VIBRATIONAL STUDIES OF ENERGY TRANSDUCING PROTEINS

能量转换蛋白的振动研究

• 批准号: 2444679
• 负责人: DAVID F. BOCIAN
• 金额: $ 12.77万
• 依托单位: UNIVERSITY OF CALIFORNIA RIVERSIDE
• 依托单位国家: 美国
• 财政年份: 1988
• 资助国家: 美国
• 起止时间: 1988-07-01 至 2000-06-30
• 项目状态: 已结题
• 来源: https://reporter.nih.gov/project-details/2444679
• 关键词: Raman spectrometry; Rhodospirillales; bacterial pigment; biophysics; chemical bond resonance; chemical kinetics; chemical structure function; chlorophyll; cofactor; conformation; electric field; electron density; electron transport; electronic spectra; mutant; photochemistry; photosynthetic bacteria; photosynthetic reaction centers; reducing agents

The specific aims of the proposed research are to characterize the structural, vibronic, and electronic properties of the photophysically active bacteriochlorophyll (BChl) and bacteriopheophytin (BPh) cofactors in bacterial photosynthetic reaction centers (RCs). Bacterial RCs were chosen for study because of this class of proteins represents a prototypical model system for investigating the factors which mediate charge separation across a biological membrane. The utility of bacterial RCs for examining this process is due to the fact that (1) high-resolution X-ray crystallographic data are available for RCs from several species and (2) genetic engineering techniques are well developed for certain of these species. These two criteria are not satisfied for any mammalian membrane-bound proteins involved in primary charge-separation and energy-transduction processes. The principal investigative tool for the studies is resonance Raman (RR) spectroscopy.
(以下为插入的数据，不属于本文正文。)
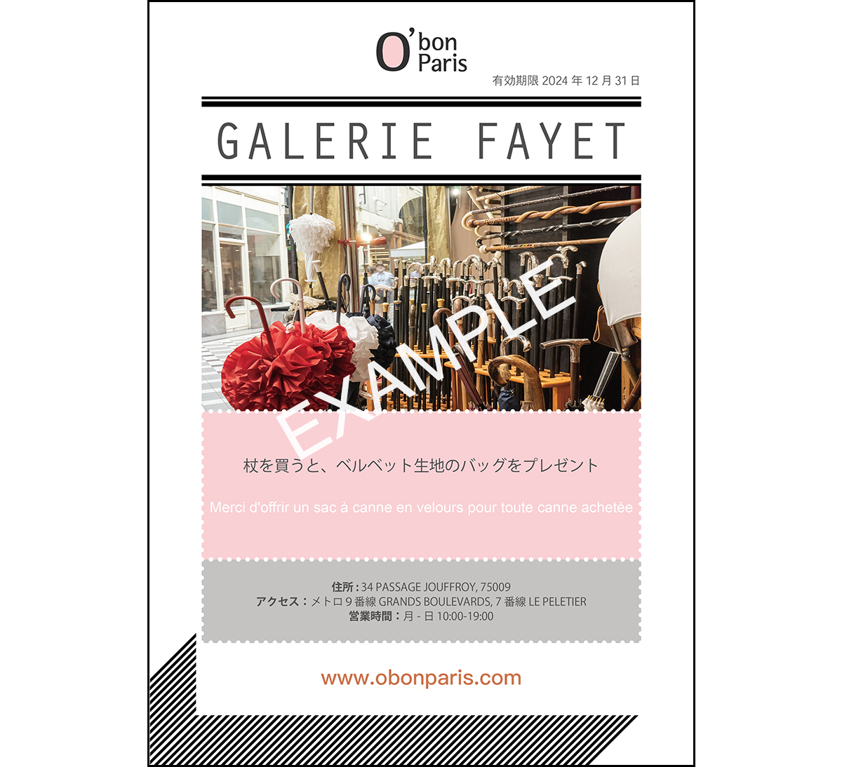 Galerie Fayetはフランス製の伝統的な杖です。1909年に創設されて以来、パリでずっと売られてきました。O'bon Parisのクーポンを使うとベルベットの限定バッグが無料でついてきます。

The first major objective is to characterize the properties of the BChl/BPh cofactors in genetically modified RCs which exhibit novel electron-transfer properties. These studies will focus on a series of mutants of Rb, capsulatus wherein replacements have been made in amino acid residues which are in close proximity to the accessory BChl and BPh cofactors on the electron-transfer active L branch of the protein. The genetically modified RCs will include mutants in which electron transfer has been first documented to proceed down the normally inactive M branch of the protein. In all cases the RR studies will be conducted on RCs hose detailed electron-transfer kinetics have been elucidated via time-resolved optical experiments. The second major objective is to conduct RR studies on RCs aimed at determining the nature of the low-frequency vibrational modes of athe BChl/BPh cofactors which are strongly coupled to the lowest- energy optical transition(s). The principal target of these studies is the primary electron donor. The characterization of the low-frequency modes will proceed via acquisition and analysis of RR data from RCs labeled with 15N, 26Mg, and 15N/26Mg. The long-term objective of all the studies is to determine how the physical properties of the cofactors (structure, electron-density distribution, electron-phonon coupling) govern and/or reflect their functional characteristics (electron transfer and charge separation across the biological membrane).

拟议研究的具体目标是描述 结构，振动，和电子性能的晶体 活性细菌叶绿素（BChl）和细菌脱镁叶绿素（BPh）辅因子 细菌光合反应中心（RCs）。 选择细菌RC 因为这类蛋白质代表了一个原型模型 用于研究介导电荷分离的因素的系统 一种生物膜 细菌RC用于检查这一点的实用性 这一过程是由于（1）高分辨率X射线晶体学 数据可用于几个物种的RC和（2）基因工程 对于这些物种中的某些，技术已经发展得很好。 这两 任何哺乳动物膜结合蛋白均不符合标准 参与初级电荷分离和能量转换过程。 研究的主要工具是共振拉曼（RR） 谱 第一个主要目标是表征 BChl/BPh辅因子在遗传修饰的RC中表现出新的 电子转移性质 这些研究将集中在一系列 其中在氨基酸中进行了替换的荚膜Rb突变体 与辅助BChl和BPh非常接近的残基 在蛋白质的电子转移活性L分支上的辅因子。 的 转基因RC将包括突变体，其中电子转移 已经首次记录为沿着通常不活动的M分支向下进行， 蛋白质。 在所有情况下，将对RC软管进行RR研究 详细的电子转移动力学已阐明通过时间分辨 光学实验 第二个主要目标是进行经常性资源研究 旨在确定低频振动的性质 BChl/BPh辅因子的模式，其与最低- 能量光学跃迁。 这些研究的主要目标是 主电子供体 低频模式的表征 将通过采集和分析标记为 15 N、26 Mg和15 N/26 Mg。 所有研究的长期目标是 确定辅因子的物理性质（结构， 电子密度分布、电子-声子耦合）控制和/或 反映它们的功能特性（电子转移和电荷 穿过生物膜的分离）。